A cheat guide to run time complexity

Jazz Peh, April 28, 2020

This guide is curated to help prepare for technical interviews. I’ve complied all the useful information including how to calculate the complexity in this guide.

Big-O Complexity Chart

Disclaimer: I didn’t create this chart, it’s adapted from https://www.bigocheatsheet.com/. All credits goes to Eric.

Types	Name	Example
`O(1)`	Constant	Adding an element at front of linked list
`O(log n)`	Logarithmic	Finding an element in sorted array
`O(n)`	Linear	Finding an element in unsorted array
`O(n log n)`	Linear Logarithmic	Merge Sort
`O(n²)`	Quadratic	Shortest path between 2 nodes in a graph
`O(n³)`	Cubic	Matrix Multiplication
`O(2ⁿ)`	Exponential	Tower of Hanoi Problem

Common Data Structure Operations

Below are some common data structure and their operation time and space complexity.

Physical Data Structures

There are two types of physical data structures, array and linked list.

Array

Operations	1D Array		2D Array
Operations	Time	Space	Time	Space
create()	`O(1)`	`O(n)`	`O(1)`	`O(mn)`
insert()	`O(1)`	`O(1)`	`O(1)`	`O(1)`
traverse()	`O(n)`	`O(1)`	`O(mn)`	`O(1)`
access[]	`O(1)`	`O(1)`	`O(1)`	`O(1)`
search()	`O(n)`	`O(1)`	`O(mn)`	`O(1)`
delete()	`O(1)`	`O(1)`	`O(1)`	`O(1)`

Logical Data Structures

Below are some common types of logical data structures.

Stack

Operations	using Array		using Linked List
Operations	Time	Space	Time	Space
createStack()	`O(1)`	`O(n)`	`O(1)`	`O(1)`
push()	`O(1)`	`O(1)`	`O(1)`	`O(1)`
pop()	`O(1)`	`O(1)`	`O(1)`	`O(1)`
peek()	`O(1)`	`O(1)`	`O(1)`	`O(1)`
isEmpty()	`O(1)`	`O(1)`	`O(1)`	`O(1)`
isFull()	`O(1)`	`O(1)`	N/A	N/A
deleteStack()	`O(1)`	`O(1)`	`O(1)`	`O(1)`

Queue

Operations	using Array		using Linked List
Operations	Time	Space	Time	Space
createQueue()	`O(1)`	`O(n)`	`O(1)`	`O(1)`
enqueue()	`O(1)`	`O(1)`	`O(1)`	`O(1)`
dequeue()	`O(1)`	`O(1)`	`O(1)`	`O(1)`
peek()	`O(1)`	`O(1)`	`O(1)`	`O(1)`
isEmpty()	`O(1)`	`O(1)`	`O(1)`	`O(1)`
isFull()	`O(1)`	`O(1)`	N/A	N/A
deleteQueue()	`O(1)`	`O(1)`	`O(1)`	`O(1)`

Tree

Binary Tree

The table below shows the implementation between Array and Linked List for Binary Tree.

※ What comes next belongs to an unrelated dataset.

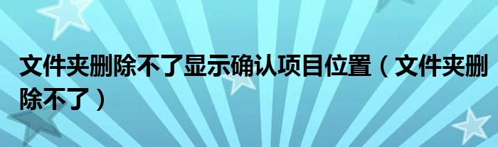 大家好,小飞来为大家解答以上问题,文件夹删除不了显示确认项目位置,文件夹删除不了很多人还不知道,现在让我们一起来看看吧!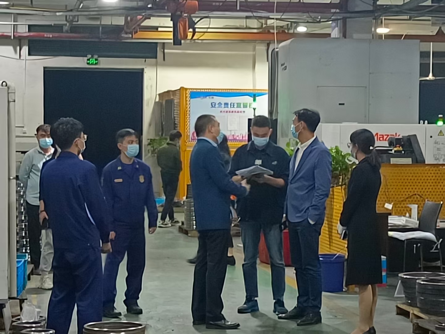 10月12日晚上,溫州市灣新區(qū)領(lǐng)導(dǎo)前來我公司進行指導(dǎo)生產(chǎn)工作。

Operations	using Array		using Linked List
Operations	Time	Space	Time	Space
createTree()	`O(1)`	`O(n)`	`O(1)`	`O(1)`
insert()	`O(1)`	`O(1)`	`O(n)`	`O(n)`
delete()	`O(n)`	`O(1)`	`O(n)`	`O(n)`
search()	`O(n)`	`O(1)`	`O(n)`	`O(n)`
traverse()	`O(n)`	`O(1)`	`O(n)`	`O(n)`
deleteTree()	`O(1)`	`O(1)`	`O(1)`	`O(1)`

Using Linked List is more space efficient as creating a binary tree is O(1) as compared to Array which is O(n), hence, the preferred implementation is Linked List.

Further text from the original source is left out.